Leaving well: part 1

If you have never looked at any poetry from Morgan Harper Nichols, please do. It is amazing how God can use the simplest or even unexpected and random parts of your life and day to speak to you. I was quite challenged by something she brought up and felt the need to take the time to think about how to prepare myself for the transition, not just from this PhD, but from South Africa.

I feel I am in a very interesting place where I have such a cute community of people in my life right now and have found such amazing folk in Cape Town, and this year it’s majorly been more people that I resonate with in certain life aspects. I have to say though, that came from being quite intentional and daring about who I spent my time with and the spaces I occupied but it has really paid off. It has reminded me to continue to put a lot of emphasis into thinking through what I do so that the goals I have for myself are met. Meeting like-minded can only really happen if we are deliberate about searching for and being in places where we know there are more like-minded people such as ourselves, otherwise are we really setting ourselves up for successful? This is something that came to mind from a devotional that I was reading this week, but we will touch in this more in part 2 of this blog series.   

It is also a bit interesting that I find myself in a space where I feel quite ready, okay and satisfied with leaving Cape Town and everything in it behind. I told myself from the start that we’re here to catch flights and not feelings, because immigration is a risky business sometimes, but I am doing my best to hold on to hope from here and keep my options open. I just feel like for the sake of my heart, it’s best that plans and my mental preparedness is centred more around me leaving than in staying because DHA said a couple of things in February about foreigners getting jobs here or staying here and I am soo over it fam. We move. I am going to take time though, to find out if I have truly been in a place of contentment about going, or that I forced myself to be at peace with leaving since I felt that that was the best option for my heart and my soul to best come to terms with certain circumstances. But honestly, I really do feel fine. I feel like this year I have got to do several things in Cape Town and challenge myself and it has left me with quite a feeling of wholeness. [Cues in ‘whole’ by Jonathan McReynolds: https://www.youtube.com/watch?v=OS0qoo6–y4 ]

This part 1 involves seeking counsel from my friends and others that have walked this journey of transitioning out of grad school, into the workplace and also navigating the immigration space. I didn’t want to move again and I actually want to make sure that after this, I don’t have to move for another 3-5 years (unless God signals otherwise), because I am in a place where I know I don’t like living out of a suitcase, changing my address every other year, getting a new number, changing bank accounts and having to figure out your tribe and social circle all over again. I want to settle and establish roots for myself going forward from here and I pray that God may give me the wisdom, support and opportunities needed in order for that to happen.

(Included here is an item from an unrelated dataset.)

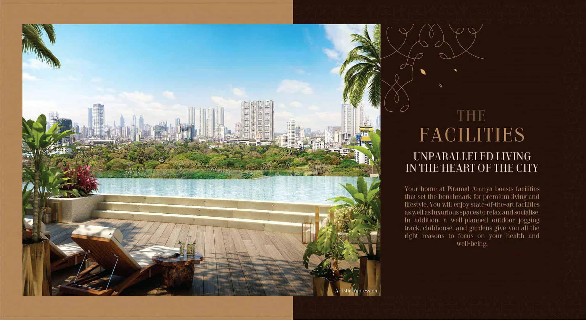 Piramal Aranya redefines luxury with over 1 lakh sq ft. of recreational spaces, including a clubhouse, infinity pool, spa, creche, and 40+ world-class amenities. Residents enjoy jogging tracks, landscaped gardens, and wellness-focused facilities that prioritise health and community. Each residence is a masterpiece, with dual-aspect views of Rani Baug and the Eastern Harbour, flooded with natural light through thoughtfully designed windows. Interiors feature premium materials, modular kitchens, and smart home integrations, crafting a bespoke living experience for discerning homeowners.

As I get through all that I am getting through, especially when it comes to seeking counsel, I am allowing myself to be vulnerable with my friends (with wisdom, discernment and in a very selective way) because I want the people to whom I feel it matters and who just really need to know to be aware of where I am at. People can’t be there for you if they don’t know how to be there for you, so you’ve gotta let them know, innit.

For now, I will have to leave since tomorrow is Monday and your girl has things to put together so that she’s not in a mess as this next week starts.

I want to end things with the pictures below that highlight the major aspects that I will continue to ponder on and ask God to help intervene in. I wanted to write more concerning them but yohh, it’s been a minute since I’ve been out here blogging and my day has been scrambled trying to do 10,000 little adulting things, but do look at the image captions for some “deep” thoughts and insights.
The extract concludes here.